I attempted Apple’s personal instance:
import NaturalLanguage
let textual content = "The American Crimson Cross was established in Washington, D.C., by Clara Barton."
let tagger = NLTagger(tagSchemes: [.nameType])
tagger.string = textual content
let choices: NLTagger.Choices = [.omitPunctuation, .omitWhitespace, .joinNames]
let tags: [NLTag] = [.personalName, .placeName, .organizationName]
tagger.enumerateTags(in: textual content.startIndex..<textual content.endIndex, unit: .phrase, scheme: .nameType, choices: choices) { tag, tokenRange in
// Get the almost definitely tag, and print it if it is a named entity.
if let tag = tag, tags.comprises(tag) {
print("(textual content[tokenRange]): (tag.rawValue)")
}
// Get a number of attainable tags with their related confidence scores.

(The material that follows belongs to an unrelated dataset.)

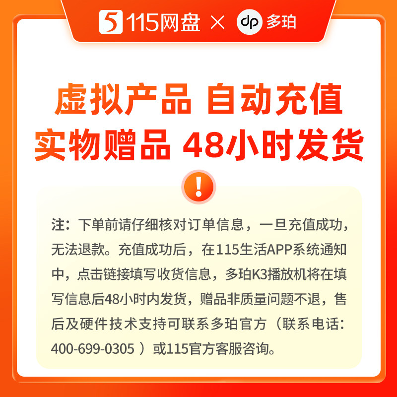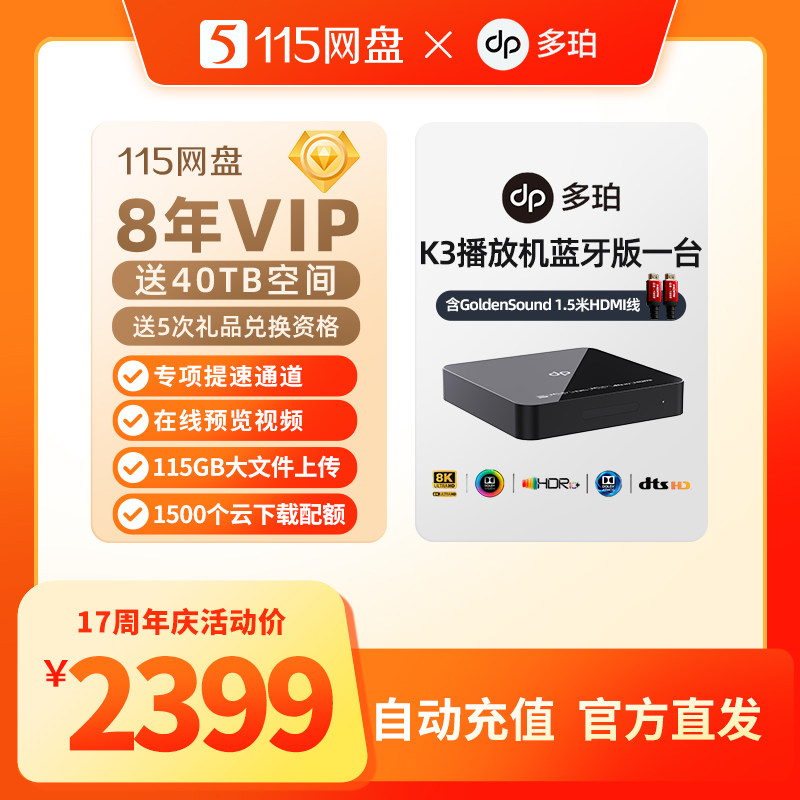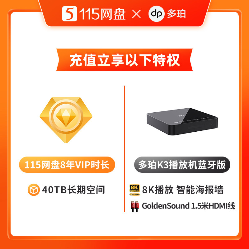 📚 115网盘8年VIP加赠多珀K3播放机蓝牙版 专享提速通道 自动充值

let (hypotheses, _) = tagger.tagHypotheses(at: tokenRange.lowerBound, unit: .phrase, scheme: .nameType, maximumCount: 1)
print(hypotheses)
return true
}
However it returns all title tags as Different
. I additionally tried one other instance of tagging the sentence with lexical class, and it additionally tags each phrase as OtherWord
:
var textual content = "The American Crimson Cross was established in Washington, D.C., by Clara Barton."

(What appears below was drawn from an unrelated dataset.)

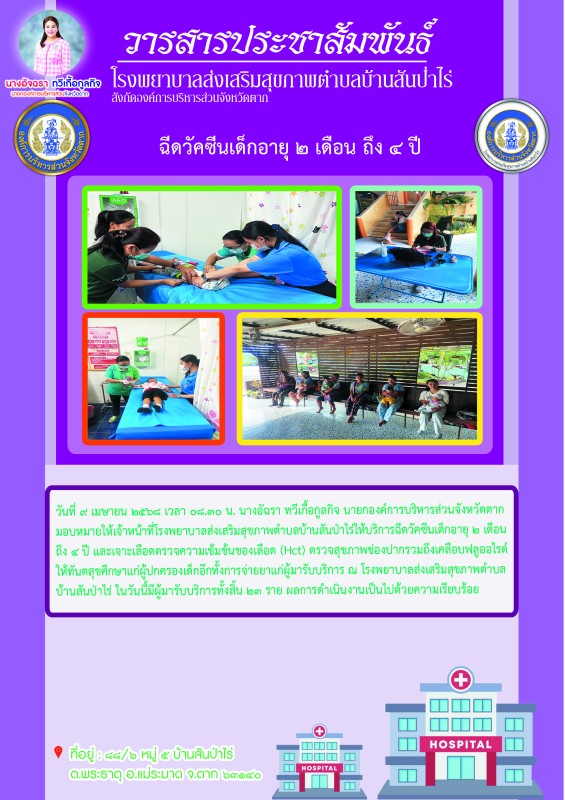 9 เม.ย.68 รพ.สต.บ้านสันป่าไร่ ให้บริการฉีดวัคซีนเด็กอายุ 2 เดือน ถึง 4 ปี จำนวน 23 ราย และตรวจสุขภาพช่องปาก,เคลือบฟลูออไรด์,ให้ทันตสุขศึกษาแก่ผู้ปกครองเด็ก,เจาะเลือดตรวจความเข้มข้นของเลือด(Hct),จ่ายยา para syr และ ferrous syr

let tagger = NLTagger(tagSchemes: [.lexicalClass])
tagger.string = textual content
let choices: NLTagger.Choices = [.omitPunctuation, .omitWhitespace, .joinNames]
print("language", tagger.dominantLanguage)
tagger.enumerateTags(in: textual content.startIndex..<textual content.endIndex, unit: .phrase, scheme: .lexicalClass, choices: choices) { tag, tokenRange in
// Get the almost definitely tag, and print it if it is a named entity.
if let tag = tag {
print("(textual content[tokenRange]): (tag.rawValue)")
}
return true
}
I attempted the reply for this query by setting language orthography but it surely did not assist:
//tagger.setOrthography(NSOrthography(dominantScript: "Latn", languageMap: ["Latn": ["en"]]), vary: textual content.startIndex..<textual content.endIndex)
tagger.setOrthography(NSOrthography.defaultOrthography(forLanguage: "en-US"), vary: textual content.startIndex..<textual content.endIndex)
Anyone has a clue why is it like this?
By the way in which, my Xcode model is the most recent one as of right now, 14.3.